Bir yandan kürtaja yönelik baskıcı uygulamalar eleştirilirken bir yandan da bu eleştirilerin yer aldığı gazeteler bir bir kapatılıyor.
68 Mayıs Olayları‘nda Kadın Hakları Mücadelesi ve kadının bedeni üzerinde söz söyleyebilme hakkı güçlü bir ivme kazanıyor. Öyle ki 1940’ların Fransa’sında kadınlar, kürtaj yaptırması dahilinde giyotinle idam ediliyordu.
O günden bugüne kimi bireysel özgürlüklerin artışına tanıklık etsek de Fransa’da hâlen üreme sağlığıyla ilgili cinsel eşitsizlikler, varlığını sürdürüyor. (2012)
Fransız yazar ve feminist Simone de Beauvoir ise tüm bu yaşananlara ilişkin şunları söylüyor:
“Kadınlar, mahkûm edildikleri gizlilik zorunluluğu nedeniyle tehlikeli koşullarda kürtaj yaptırmak zorunda kalıyor. Sayıları milyonları bulan bu kadınların sorunu hasıraltı ediliyor. Ben, onlardan biri olduğumu ilan ediyorum. Kürtaj yaptırdığımı açıkça beyan ediyorum. Aynı şekilde, oral kontraseptiflere erişimin serbest ve meşru hâle getirilmesini savunuyor ve ücretsiz kürtaj hakkının arkasında duruyorum.”
Bu konuda daha detaylı okumalar yapmak isterseniz şu iki makaleye göz atabilirsiniz:
- Tarihsel ve Toplumsal Bağlamda Kürtaj
- Ülkelere Göre Kürtaja Yönelik Yasal Düzenlemelere Genel Bir Bakış
Bonus
2020 yapımı Never Rarely Sometimes Always de 17 yaşındaki Autumn’un yaşadığı istenmeyen gebelik çerçevesinde ilerliyor.

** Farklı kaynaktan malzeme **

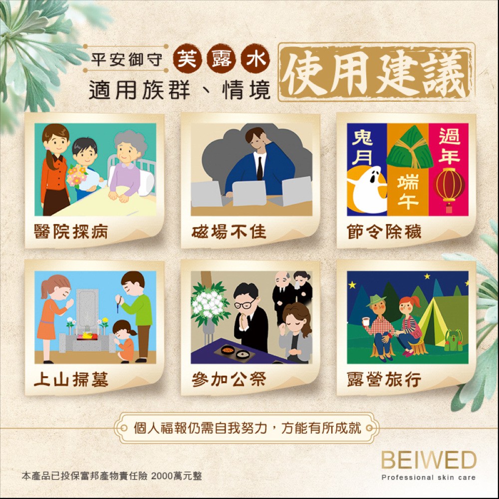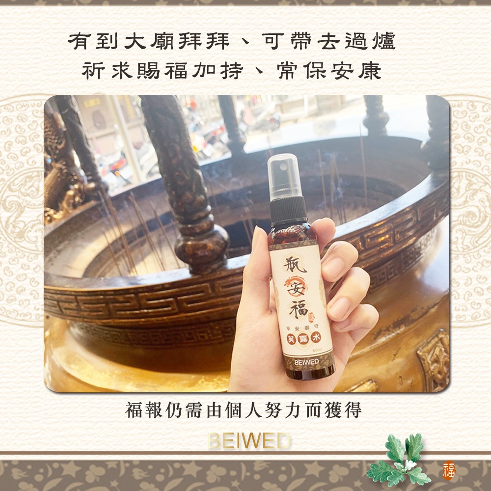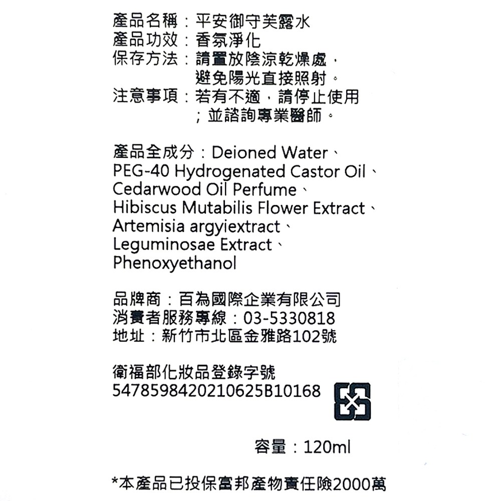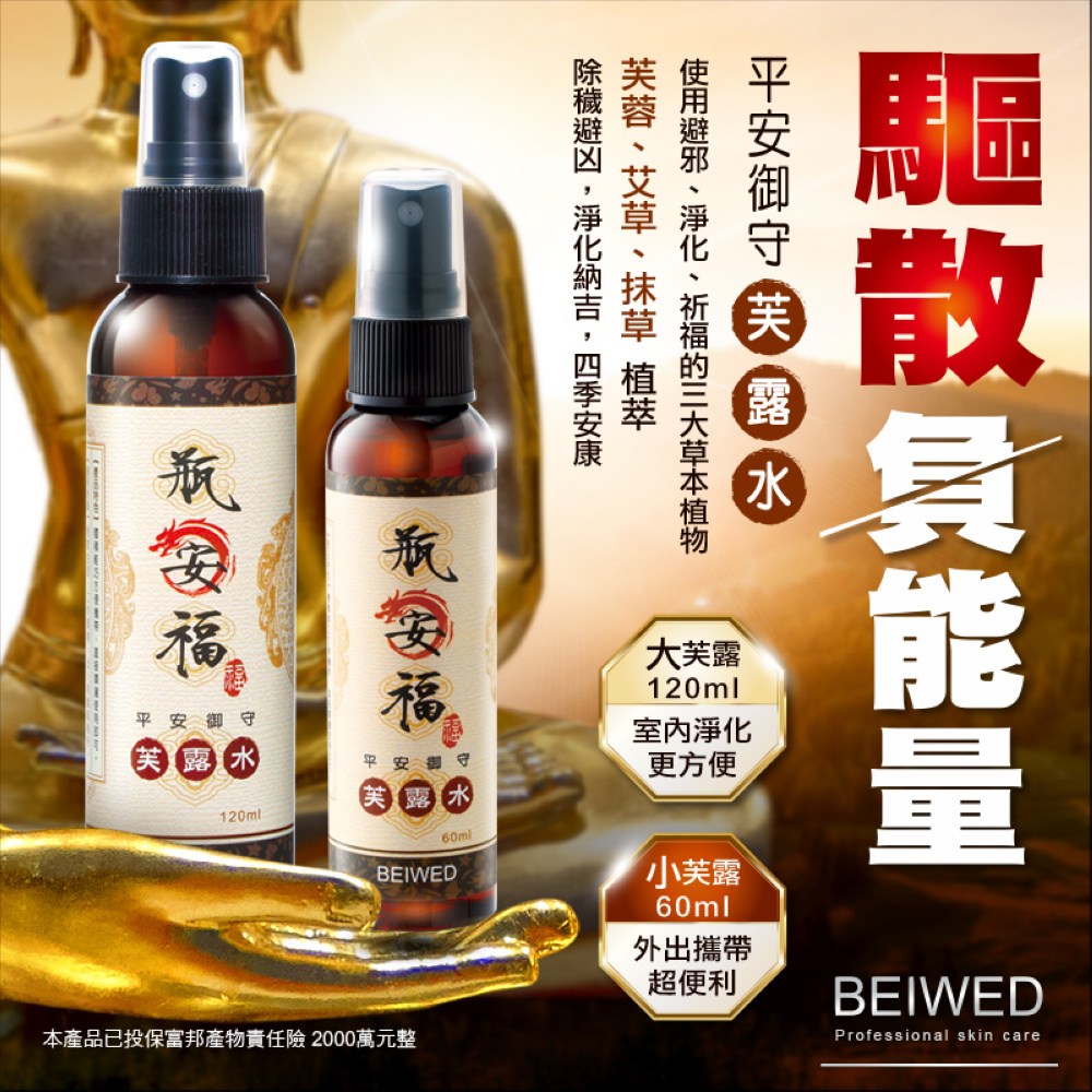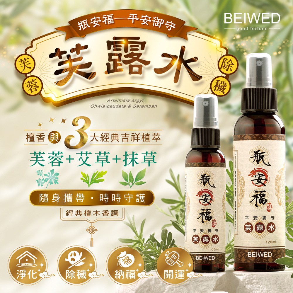 BEIWED 瓶安福 平安御守芙露水,一款蘊含檀香精華的淨化噴霧,適用於所有膚質。這款120ml的噴霧不僅能淨化空氣,還能為您帶來平安與祝福,散發出清新淡雅的香氣,讓您在繁忙的生活中也能感受到寧靜與祥和。隨身攜帶,隨時隨地淨化身心靈,營造舒適愉悅的氛圍。無論是居家、辦公室或旅行,BEIWED 瓶安福 平安御守芙露水都是您不可或缺的守護。

Çevresinin desteğini alamamak yönünden L’événement‘e çok benzeyen film, aynı yıl eleştirmenlerin yoğun ilgisini toplamayı başarıyor.
1 saat 41 dakika olan bu filmi de izlemenizi tavsiye ediyorum. Daha nice festival filmlerine!
Bir sonraki yazıda görüşmek üzere, hoş kalın,
Ece 🌼
Kaynakça
Özkan Ö, Mert K (2012). Tarihsel ve toplumsal bağlamda fransa’da kürtaj. Toplum ve Hekim, 27 (6), 403 – 417.